Гавриил Державин
 






«Не празден, не ленив, а точен, в делах и скор и беспорочен

Правителя заждались. В подморозивших сумерках зачадили жировни. Их прогорклая вонь першила горло. Сенная площадь заметелилась мокрыми, увесистыми плевками мартовских снежин, заметалась тенями неверного мятущегося огня. Тамбов такого скопления местной знати не помнил, считай, со дня празднования образования наместничества. Попереди всех дымили печкой крытые бычьими шкурами парадные сани предводителя дворянства Панова Александра Григорьевича.

Сам он, высокий, породистый и родовитый (из мордовских панков), в широкой распашной полушубе, разминал затекшие члены, выступал журавлем, высматривающим внизу лягушку или какую другую мелкую живность. Предводитель нервничал, перемывая мысленно косточки опоздателю:

— Невелик кулик, а задерживается сенатором, не менее того! На виршеплетстве взлетел — да жердочка хлипкая — того и гляди обломится. Шут гороховый. Поглядим, что за перепел и каковы песни петь примется? — Передернул предводитель брылями щек в густых седоватых бакенбардах.

Стихоблуд, а ему, столбовому дворянину, дорогу застолбил! По всем видам он, Панов, наместником сидеть должен, а не этот вероломец каверзный. И оставался-то один шажок, махонький. Зря что ли полгода начальником губернии оставался? Коню под хвост все старания и усердия. Муки адовы терпел, выхваляясь под справедливого и порядочного человека. С каждой сволочью за ручку — авось пригодится. А сколько в обе столицы свезено? Почитай все Пановы Кусты под корень пущены! Место уж в кармане было. По карманам разным рассовано — немеряно, несчитано! И все псу под хвост. Нет, раз каламбуры еще составляются — не все потеряно! Их за три года сменилось — враз и не сочтешь. Четыре? Пять? Легче со счету сбиться. И этого мотарыгу переживем. Не впервой!

Панов, разгорячив голову, почуял стылость в ногах, кряхтя и мешкаясь в широких пологах, полез в душное нутро возка. «Эх, грехи наши тяжкие — не нужда бы по службе должности наместника ведающего — и ногой бы его здесь не пахло!» Толку никакого, кроме уничижения низкого и долгого. Тепель разморил, разбередил застарелые страдания, от низкости чина достигнутого. Всего-то седьмой класс. Мизерабельный надворный советник. Ежели на военный ряд переводить — зауряд полуполковник. Позорища! И должность звания глупейшего — предводитель. Это ж придумать надобно такое! Предводитель! Не семейств старинных дворянства благородного, а шайки некоей злодейской.

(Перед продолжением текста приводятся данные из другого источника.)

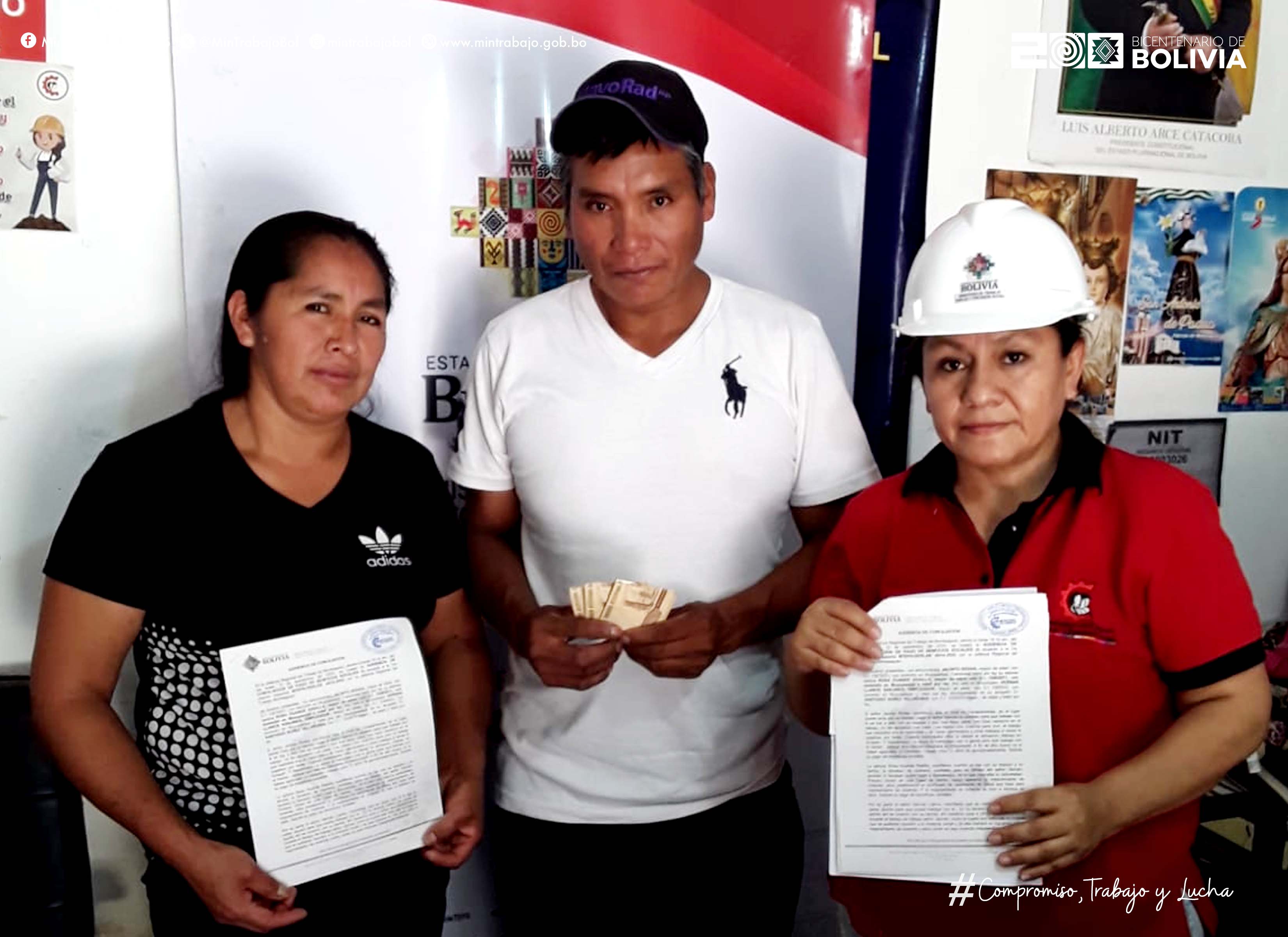 En audiencia de conciliación, se determinó que la pareja debía cobrar la suma de Bs 86.000 (ochenta y seis mil 00/100 bolivianos). Inicialmente, se les entregó en efectivo la suma de Bs. 6.000 (seis mil 00/100 bolivianos) y se propuso completar el pago con un terreno valuado en Bs 80.000 (ochenta mil bolivianos). Los denunciantes accedieron a esta propuesta, formalizándose así el pago de la indemnización y la restitución de sus derechos laborales.

Да и какое водительство над помещиками тамбовскими? Они над собой ничьей руки не потерпят. Одни честолюбья междуусобные и неудобья амбициозные соседские. Кто в лес, кто по дрова. Норовят не друг за друга, а недруг против недруга встать грудью. Царица нам, глуподеям, Жалованную Грамоту на права, вольности и преимущества, а мы ее жалобами мелочными, незначащими завалили. От большого ли ума? Какую бумагу ни возьми в Совестном суде — ни стыда ни совести...

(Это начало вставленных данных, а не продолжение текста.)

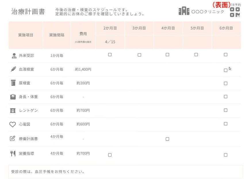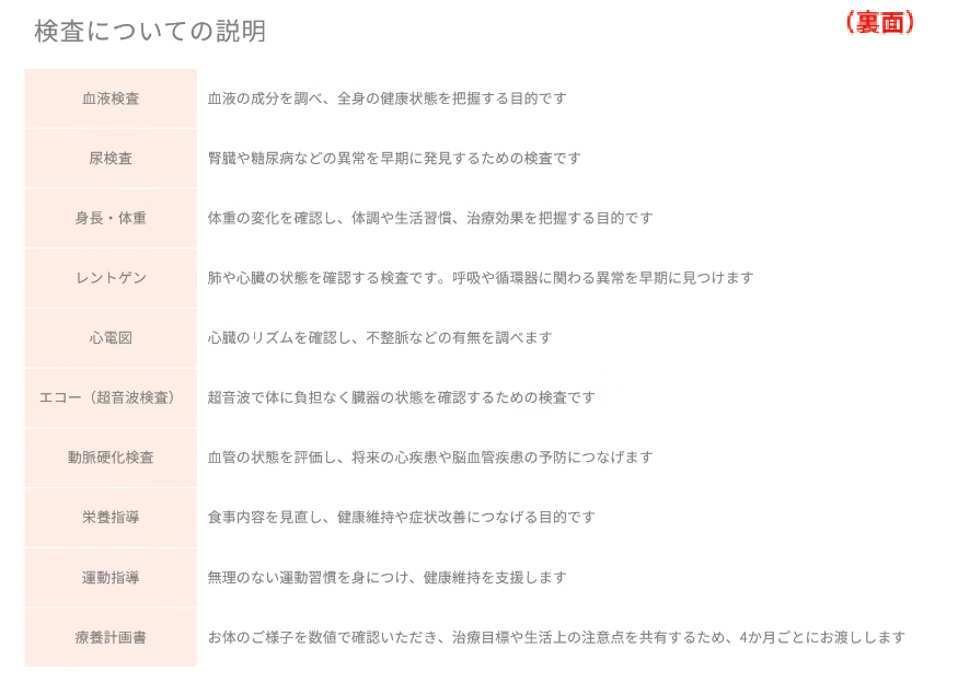 - 「治療計画書」には表面に検査のスケジュールや費用、裏面に検査内容の説明が記載されています。両面印刷をして患者様にお渡しし、治療計画の説明・理解促進にお役立てください。

Залегли по берлогам родовым и глаз не кажут в Собрание. Вон депутат Елатомский Мещериков уж с полгода как к должности не является. Все болезнью отнекивается, а сам на псовой охоте да на рыбных ловлях по Оке и заливам неделями пропадает. А жалованья попробуй ему не вышли — за можай загонит. Не мытьем, так катаньем выможжит. Или того хуже. В Таракановке братья кровные Рахманиновы тяжбу-дележбу затеяли, межу промежду именьями смертоубийством кровавым становят...

Чуть поодаль, на ледяной мостовой, выкаблучивали хромовыми сапогами московской сшивки два заклятых друга — вице-губернатор Ушаков и секретарь генерал-губернаторский Лаба. Скучила их дальнее кисельное родство и несчастливая прыть гоньбы за губернаторский трон. Виц — средних лет и роста господин с холеным красивым лицом русского барина, пофыркивал от холода римским носом.

Снаружи его щипал морозец, а изнутри уязвленное честолюбие и неудовлетворенное самолюбие. Попробовал разогнать обиду словами:

— Неизвестной причины затяг! Случись что, Булдаков бы доложил. Может, лошади никудышние? Как думаешь, Александр Григорьевич?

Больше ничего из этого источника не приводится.